Parent Document Retriever
When splitting documents for retrieval, there are often conflicting desires:
- You may want to have small documents, so that their embeddings can most accurately reflect their meaning. If too long, then the embeddings can lose meaning.
- You want to have long enough documents that the context of each chunk is retained.
The ParentDocumentRetriever strikes that balance by splitting and storing small chunks of data. During retrieval, it first fetches the small chunks but then looks up the parent ids for those chunks and returns those larger documents.
Note that "parent document" refers to the document that a small chunk originated from.

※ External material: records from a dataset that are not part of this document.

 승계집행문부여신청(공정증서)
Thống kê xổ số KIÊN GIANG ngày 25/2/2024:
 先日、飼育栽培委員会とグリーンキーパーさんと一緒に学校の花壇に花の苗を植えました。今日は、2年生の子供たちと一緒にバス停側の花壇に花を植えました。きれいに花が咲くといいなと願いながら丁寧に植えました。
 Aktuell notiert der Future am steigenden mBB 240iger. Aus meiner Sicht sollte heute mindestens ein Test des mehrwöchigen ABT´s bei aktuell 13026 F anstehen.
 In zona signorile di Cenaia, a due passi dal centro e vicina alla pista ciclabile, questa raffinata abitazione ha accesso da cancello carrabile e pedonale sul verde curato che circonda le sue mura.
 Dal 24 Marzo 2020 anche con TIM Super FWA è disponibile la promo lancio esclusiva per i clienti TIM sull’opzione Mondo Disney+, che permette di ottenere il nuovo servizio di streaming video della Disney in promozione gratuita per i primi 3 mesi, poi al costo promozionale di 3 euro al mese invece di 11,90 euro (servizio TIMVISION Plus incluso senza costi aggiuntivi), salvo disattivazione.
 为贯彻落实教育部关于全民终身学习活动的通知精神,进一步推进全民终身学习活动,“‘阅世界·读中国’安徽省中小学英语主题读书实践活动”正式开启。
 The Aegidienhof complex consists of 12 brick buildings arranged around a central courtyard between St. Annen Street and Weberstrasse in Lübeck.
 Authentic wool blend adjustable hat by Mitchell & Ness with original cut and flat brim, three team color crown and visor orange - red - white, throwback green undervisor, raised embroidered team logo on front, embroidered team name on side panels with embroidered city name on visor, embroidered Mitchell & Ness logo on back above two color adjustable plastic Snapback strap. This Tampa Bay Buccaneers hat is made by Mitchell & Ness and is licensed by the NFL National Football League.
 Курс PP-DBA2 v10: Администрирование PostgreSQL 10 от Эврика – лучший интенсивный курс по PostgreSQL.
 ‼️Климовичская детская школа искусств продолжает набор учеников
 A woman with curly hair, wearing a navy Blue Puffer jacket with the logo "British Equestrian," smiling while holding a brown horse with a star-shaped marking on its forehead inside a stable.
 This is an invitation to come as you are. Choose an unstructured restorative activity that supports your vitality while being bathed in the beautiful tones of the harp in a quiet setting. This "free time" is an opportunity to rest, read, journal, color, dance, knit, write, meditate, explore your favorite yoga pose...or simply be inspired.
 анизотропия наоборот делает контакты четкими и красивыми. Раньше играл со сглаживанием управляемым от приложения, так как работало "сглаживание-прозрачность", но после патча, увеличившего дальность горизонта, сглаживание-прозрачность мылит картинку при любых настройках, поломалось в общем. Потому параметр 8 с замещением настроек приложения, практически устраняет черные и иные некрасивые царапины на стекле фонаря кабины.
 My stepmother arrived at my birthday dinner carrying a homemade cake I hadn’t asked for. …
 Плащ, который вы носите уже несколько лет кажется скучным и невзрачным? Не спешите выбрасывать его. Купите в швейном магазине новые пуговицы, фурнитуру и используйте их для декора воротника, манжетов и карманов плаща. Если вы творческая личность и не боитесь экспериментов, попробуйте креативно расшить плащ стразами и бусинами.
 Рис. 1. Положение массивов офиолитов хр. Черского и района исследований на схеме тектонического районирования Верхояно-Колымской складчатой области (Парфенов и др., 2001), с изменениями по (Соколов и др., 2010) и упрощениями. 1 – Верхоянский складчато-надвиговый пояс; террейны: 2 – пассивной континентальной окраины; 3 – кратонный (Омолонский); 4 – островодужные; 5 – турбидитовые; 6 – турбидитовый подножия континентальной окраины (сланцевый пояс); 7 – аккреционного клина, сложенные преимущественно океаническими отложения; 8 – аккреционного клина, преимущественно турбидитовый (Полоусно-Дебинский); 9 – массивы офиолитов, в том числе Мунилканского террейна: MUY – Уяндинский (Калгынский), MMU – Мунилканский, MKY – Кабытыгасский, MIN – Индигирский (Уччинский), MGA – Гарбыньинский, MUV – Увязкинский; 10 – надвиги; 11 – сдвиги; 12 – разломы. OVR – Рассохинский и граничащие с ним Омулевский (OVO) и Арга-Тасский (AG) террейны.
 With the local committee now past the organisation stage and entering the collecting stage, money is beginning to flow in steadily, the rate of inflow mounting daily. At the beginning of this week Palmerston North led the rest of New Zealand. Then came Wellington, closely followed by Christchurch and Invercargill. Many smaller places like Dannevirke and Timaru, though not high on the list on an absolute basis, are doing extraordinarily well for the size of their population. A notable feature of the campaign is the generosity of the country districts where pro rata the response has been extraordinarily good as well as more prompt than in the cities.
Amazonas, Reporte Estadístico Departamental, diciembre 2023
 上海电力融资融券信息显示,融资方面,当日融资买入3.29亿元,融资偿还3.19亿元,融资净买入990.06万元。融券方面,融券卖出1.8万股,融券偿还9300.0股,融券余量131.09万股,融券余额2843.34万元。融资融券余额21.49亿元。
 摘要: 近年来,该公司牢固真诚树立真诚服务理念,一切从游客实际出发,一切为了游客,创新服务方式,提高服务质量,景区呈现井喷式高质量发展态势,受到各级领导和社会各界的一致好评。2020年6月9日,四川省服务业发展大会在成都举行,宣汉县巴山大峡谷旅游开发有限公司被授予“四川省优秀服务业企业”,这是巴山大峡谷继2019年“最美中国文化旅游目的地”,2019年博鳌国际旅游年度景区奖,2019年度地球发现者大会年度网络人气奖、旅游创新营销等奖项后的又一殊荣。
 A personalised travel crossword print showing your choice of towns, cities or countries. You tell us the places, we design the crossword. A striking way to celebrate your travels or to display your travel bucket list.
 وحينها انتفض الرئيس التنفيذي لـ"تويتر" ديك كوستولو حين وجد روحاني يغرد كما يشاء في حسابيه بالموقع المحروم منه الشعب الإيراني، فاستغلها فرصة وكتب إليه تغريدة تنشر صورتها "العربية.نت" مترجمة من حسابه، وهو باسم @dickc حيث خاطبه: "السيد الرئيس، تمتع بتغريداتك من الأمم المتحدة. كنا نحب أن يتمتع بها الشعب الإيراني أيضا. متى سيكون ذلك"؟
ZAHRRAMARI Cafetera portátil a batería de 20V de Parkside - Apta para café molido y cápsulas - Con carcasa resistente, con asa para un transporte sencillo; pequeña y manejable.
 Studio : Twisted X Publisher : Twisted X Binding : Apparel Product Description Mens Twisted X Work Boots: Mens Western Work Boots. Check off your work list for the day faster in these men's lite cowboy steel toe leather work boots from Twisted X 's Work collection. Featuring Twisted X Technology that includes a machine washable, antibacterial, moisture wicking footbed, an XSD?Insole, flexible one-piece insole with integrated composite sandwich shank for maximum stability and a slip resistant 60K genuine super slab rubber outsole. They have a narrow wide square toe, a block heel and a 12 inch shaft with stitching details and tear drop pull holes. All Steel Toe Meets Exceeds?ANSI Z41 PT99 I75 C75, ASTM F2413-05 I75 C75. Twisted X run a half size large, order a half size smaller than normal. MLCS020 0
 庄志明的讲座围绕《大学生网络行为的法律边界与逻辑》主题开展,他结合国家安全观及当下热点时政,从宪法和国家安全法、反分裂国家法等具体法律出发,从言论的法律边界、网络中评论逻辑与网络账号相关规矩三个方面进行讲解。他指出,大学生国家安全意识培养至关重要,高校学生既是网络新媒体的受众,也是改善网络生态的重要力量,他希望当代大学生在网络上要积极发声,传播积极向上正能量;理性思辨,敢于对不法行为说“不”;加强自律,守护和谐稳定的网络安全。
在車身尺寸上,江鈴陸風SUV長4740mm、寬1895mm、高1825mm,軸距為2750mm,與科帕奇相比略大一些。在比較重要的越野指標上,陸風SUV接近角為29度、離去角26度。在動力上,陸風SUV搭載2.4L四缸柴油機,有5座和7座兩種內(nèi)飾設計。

This can either be the whole raw document OR a larger chunk.
Usage
import { OpenAIEmbeddings } from "langchain/embeddings/openai";
import { MemoryVectorStore } from "langchain/vectorstores/memory";
import { InMemoryStore } from "langchain/storage/in_memory";
import { ParentDocumentRetriever } from "langchain/retrievers/parent_document";
import { RecursiveCharacterTextSplitter } from "langchain/text_splitter";
import { TextLoader } from "langchain/document_loaders/fs/text";
const vectorstore = new MemoryVectorStore(new OpenAIEmbeddings());
const docstore = new InMemoryStore();
const retriever = new ParentDocumentRetriever({
vectorstore,
docstore,
// Optional, not required if you're already passing in split documents
parentSplitter: new RecursiveCharacterTextSplitter({
chunkOverlap: 0,
chunkSize: 500,
}),
childSplitter: new RecursiveCharacterTextSplitter({
chunkOverlap: 0,
chunkSize: 50,
}),
// Optional `k` parameter to search for more child documents in VectorStore.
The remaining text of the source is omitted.